232 そうじゃないでしょ?
「……これ……は?」
食後のデザート代わりのお菓子を出したら、シュゼル皇子がキラキラと輝いた。
この人、甘味を見ると、瞳の輝きがまったく違う。
「メレンゲクッキーとラング・ド・シャです」
そう。シュゼル皇子がいない時に作ったお菓子である。
アイスクリームにも良く合うと思うから、一緒に出してみた。
「クッキーですか。ん~甘い良い香りがしますね。こちらの赤いのは?」
「右がブラックベリー。左がククベリーのアイスクリームです」
溶けるのが嫌なのか、好きな物から食べたいのか、クッキーよりまずはとアイスクリームにロックオン。
「んん~っ。やっぱりアイスクリームは最高ですね~。ブラックベリーは濃厚で甘酸っぱい、ククベリーはサッパリした甘さ。堪りませんね」
シュゼル皇子は、久々のアイスクリームに至極ご満悦であった。
ちなみに、アイスクリームはきらさない様に、新しいのを常時作って用意してある。
だって、きらしたら怖いし。またフェリクス王を呼びかねないからね。
「クッキーも大変美味しいですね。メレンゲクッキーは口でシュワシュワと溶けて、ラング・ド・シャはサクサクと歯触りが。はぁぁ~っ」
恍惚としていた。アイスクリームにクッキーと色々甘味が食べられて満足らしい。
相変わらずのシュゼル皇子に、エギエディルス皇子と莉奈は顔を見合わせていた。
◇◇◇
一通り食べ終えるとホッとしたのか、紅茶を一口飲みシュゼル皇子がニコリと微笑んだ。
「あぁ。そうだリナ。
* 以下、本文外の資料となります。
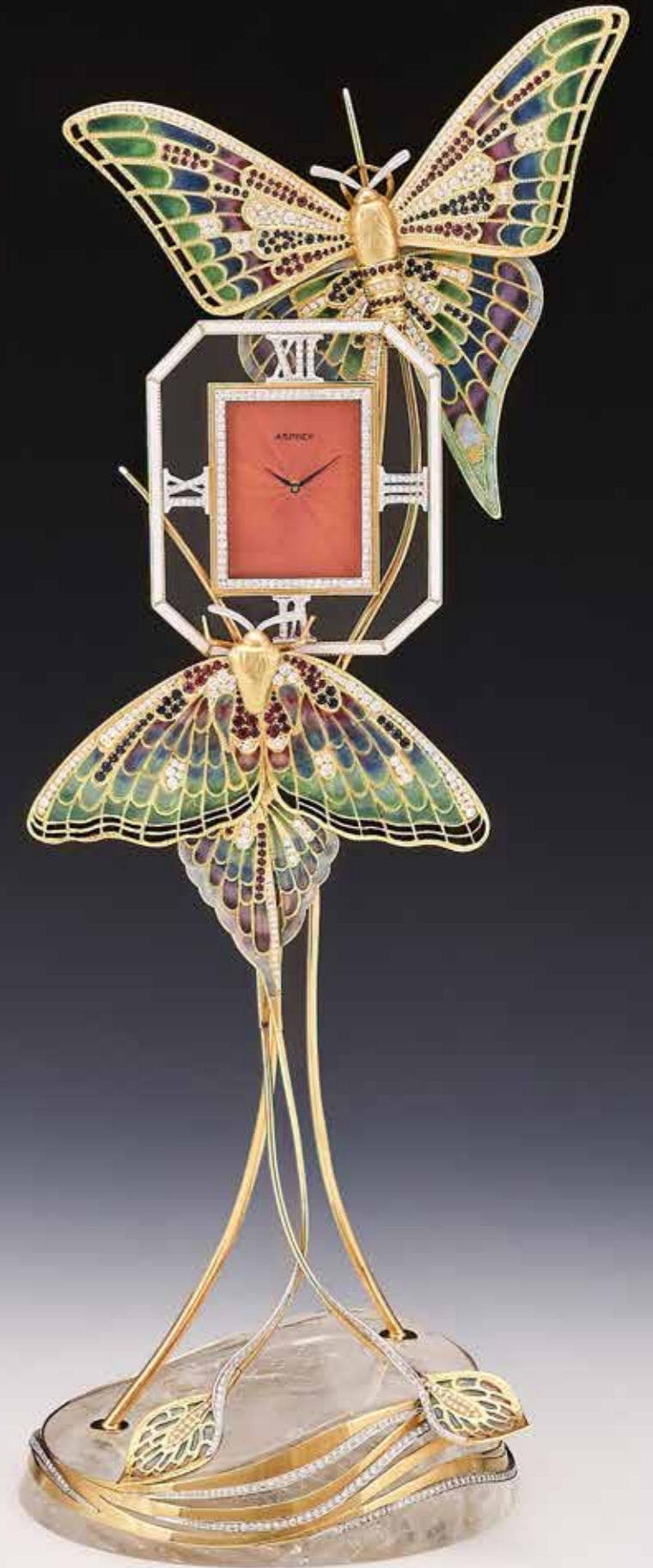
170 AN 18 CARAT GOLD, ENAMEL AND DIAMOND SET BUTTERFLY CLOCK ASPREY & CO. LTD., LONDON 1987

The two 18 carat gold and plique a jour enamelled butterflies set with diamonds, sapphires and rubies, to a gold mounted and diamond set rock crystal base, the clock with a pink guilloché enamel dial, diamond set bezel and Roman numerals, quartz movement, screwed down case back with four screws, mounts and dial signed Asprey 37cm high

出張のついでに色々な食材を頂いて来たので、差し上げますね?」
「え? ありがとうございます?」
なんで食材なの? と疑問に思わなくもないが、貰える物なら有り難く貰うけど。
莉奈がそういうが早いか、シュゼル皇子は魔法鞄から次々と食材をテーブルに出していった。
色々あるが【鑑定】しなくとも、パッと見て分かる食材が多かった。
それでも試しに何個か【鑑定】して見たら、色や形、名前こそ微妙に違うが、やはり莉奈の見知っている食材の名ばかりである。
シャインブドウ・ネバナナ・ヨウマンゴー・モールオレンジ……ん?
そこまで視ていて、莉奈は可笑しな事に気付いた。
ほぼ、果物じゃない?
そう、彼が次々と出している "食材" とは、そのほとんどが "果物" である。頂いた……とは言っていたけど、片寄り過ぎな気がする。
「なんで、果物ばっかなんだよ」
同じ事を思ったのか、エギエディルス皇子が呆れていた。他に野菜や魚介類があってもイイはずだ。
「バターやジャムに出来ますからね?」
それはそれは、光り輝く笑顔で答えたシュゼル皇子。ペカリと後光が差して見える。
――うっわ~。全部甘味カラミだ。
確かに、これだけあればジャムなんて、10種類以上は出来る。アイスクリームやシャーベットも、お店顔負けなくらい色々なフレーバーが揃うだろう。
何ならタルト、ケーキ、お菓子の幅が広がったのは確かだ。
だけど、違くない?
「果物より必要なモノがあるだろうよ」
莉奈があえて口にしなかった言葉を、エギエディルス皇子が呆れ果てながら拾った。片寄り過ぎもイイ処だからだろう。
「ん?」
何かあります? とコテンと可愛らしく首を傾げるシュゼル皇子。
――ダメだこりゃ。
莉奈もエギエディルス皇子も、もう何かを言う事を諦めた。
言ってもムダな気しかしない。
誤字脱字の報告、ありがとうございます。
ナゼ、見直した時に気付かないのですしょうかね。